- [Required work]:
Below is a listing. Return the lines from the one that contains "通知顯示,近年來,重慶市工程" to the one that contains "Nivel de judicialización", both ends included, verbatim and with no pictures.

::: Dataset extract :::

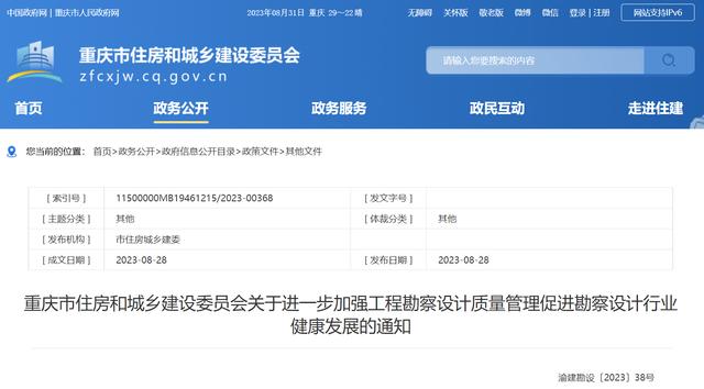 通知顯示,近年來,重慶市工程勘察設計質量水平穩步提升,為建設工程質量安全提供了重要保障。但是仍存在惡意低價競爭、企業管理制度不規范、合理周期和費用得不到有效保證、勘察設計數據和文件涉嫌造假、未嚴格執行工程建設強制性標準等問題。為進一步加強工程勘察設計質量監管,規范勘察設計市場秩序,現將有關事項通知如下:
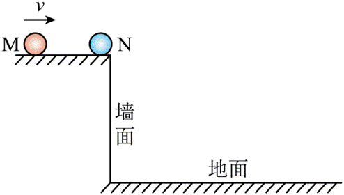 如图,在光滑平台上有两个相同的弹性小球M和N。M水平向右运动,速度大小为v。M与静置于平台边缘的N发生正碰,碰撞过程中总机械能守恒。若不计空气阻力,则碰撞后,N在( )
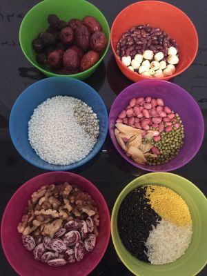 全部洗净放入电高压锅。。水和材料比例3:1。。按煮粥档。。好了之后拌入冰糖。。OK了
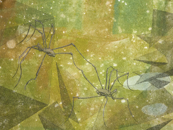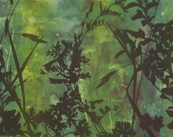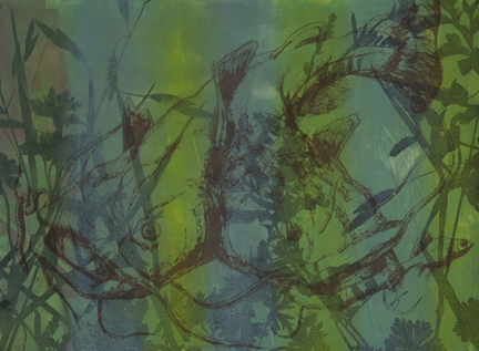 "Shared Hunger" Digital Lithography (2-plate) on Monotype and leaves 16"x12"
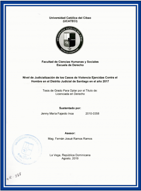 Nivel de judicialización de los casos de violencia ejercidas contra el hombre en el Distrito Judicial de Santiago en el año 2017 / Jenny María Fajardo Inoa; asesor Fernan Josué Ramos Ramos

:::
::: Dataset extract :::

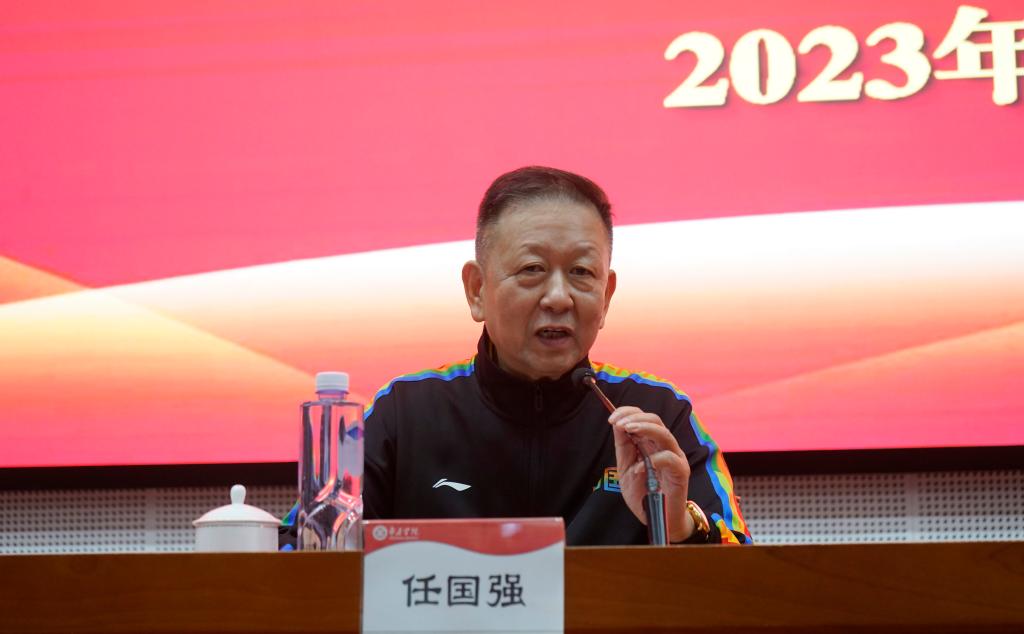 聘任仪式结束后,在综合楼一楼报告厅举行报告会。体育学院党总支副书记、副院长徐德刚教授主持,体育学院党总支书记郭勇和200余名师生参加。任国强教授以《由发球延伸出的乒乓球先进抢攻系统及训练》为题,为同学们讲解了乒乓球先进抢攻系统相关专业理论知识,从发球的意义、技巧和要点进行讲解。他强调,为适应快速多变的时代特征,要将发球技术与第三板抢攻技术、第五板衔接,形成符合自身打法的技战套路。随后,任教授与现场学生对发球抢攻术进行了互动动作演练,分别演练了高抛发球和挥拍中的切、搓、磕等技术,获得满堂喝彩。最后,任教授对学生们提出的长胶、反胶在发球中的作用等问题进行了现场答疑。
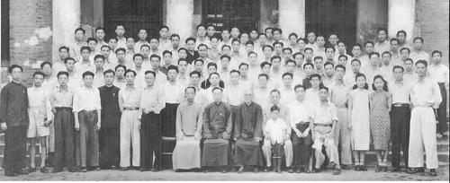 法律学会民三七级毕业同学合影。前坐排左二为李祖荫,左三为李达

:::

- [Response box]:
 通知顯示,近年來,重慶市工程勘察設計質量水平穩步提升,為建設工程質量安全提供了重要保障。但是仍存在惡意低價競爭、企業管理制度不規范、合理周期和費用得不到有效保證、勘察設計數據和文件涉嫌造假、未嚴格執行工程建設強制性標準等問題。為進一步加強工程勘察設計質量監管,規范勘察設計市場秩序,現將有關事項通知如下:
 如图,在光滑平台上有两个相同的弹性小球M和N。M水平向右运动,速度大小为v。M与静置于平台边缘的N发生正碰,碰撞过程中总机械能守恒。若不计空气阻力,则碰撞后,N在( )
 全部洗净放入电高压锅。。水和材料比例3:1。。按煮粥档。。好了之后拌入冰糖。。OK了
 "Shared Hunger" Digital Lithography (2-plate) on Monotype and leaves 16"x12"
 Nivel de judicialización de los casos de violencia ejercidas contra el hombre en el Distrito Judicial de Santiago en el año 2017 / Jenny María Fajardo Inoa; asesor Fernan Josué Ramos Ramos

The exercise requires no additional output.